06/21/2021 Indonesia (International Christian Concern) – The Indonesian government has announced that their new selection procedure for civil servants will include a test intended to gauge a candidate’s level of respect for other religions and their views on nationalism and national ideology. This test is designed to weed out potential extremists from becoming government employees.
There are more than 4.3 million civil servants in Indonesia. According to the Administrative and Bureaucratic Reform Ministry, around 800,000 have been influenced by radical ideology.
The Ministry says that around 40 civil servants are dismissed each month for having connections with radical groups linked to terror organizations, including al-Qaeda and Islamic State affiliate groups.
In 2018, civil servants were arrested for involvement in two suicide bombings at three different churches in Surabaya. As recent as Palm Sunday of this year, civil servants were also arrested for alleged involvement in the bombing of Sacred Heart Cathedral in Makassar.
Selection tests for government employees previously focused on character and intelligence while largely omitting questions about beliefs. Ministry spokesperson Katmoko Ari Sambodo believes that this is why extremism has infiltrated civil service.

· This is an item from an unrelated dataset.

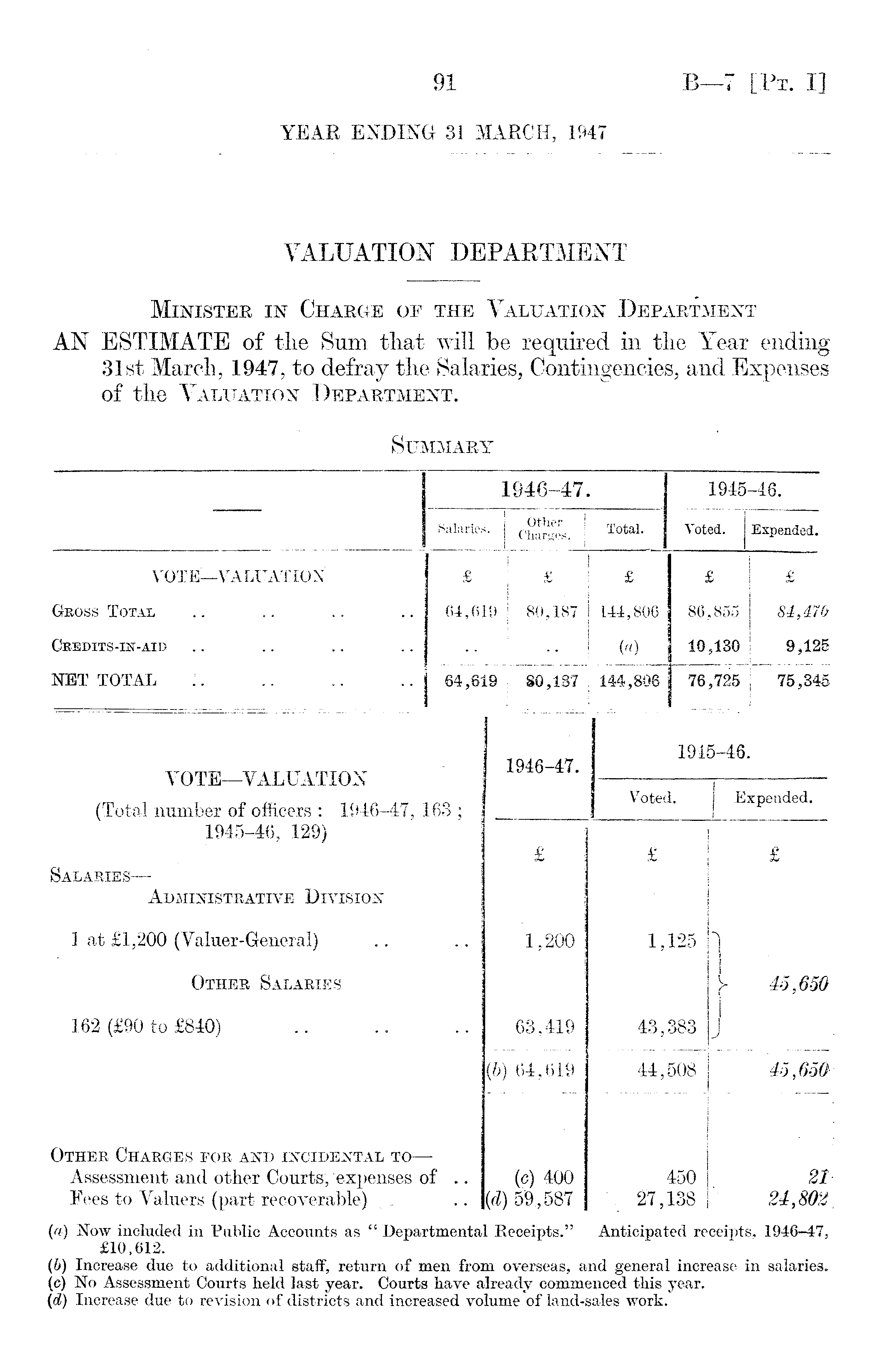 Minister in Charge of the Valuation Department AN ESTIMATE of the Sum that will be required in the Year ending 31st March, 1947, to defray the Salaries, Contingencies, and Expenses of the Valuation Department. Summary

The Catholic Church supports the inclusion of this test. “This new test will be important in preventing radicalism in the bureaucracy,” Sambodo said. Father Paulus Christian Siswantoko, executive secretary of the Indonesian bishops’ Commission for the Laity, has vocalized his approval of the test.
“The civil service must be totally free of radicalism,” Father Siswantoko told UCA News. “We want people loyal to national ideology and the expulsion of those who work against it.”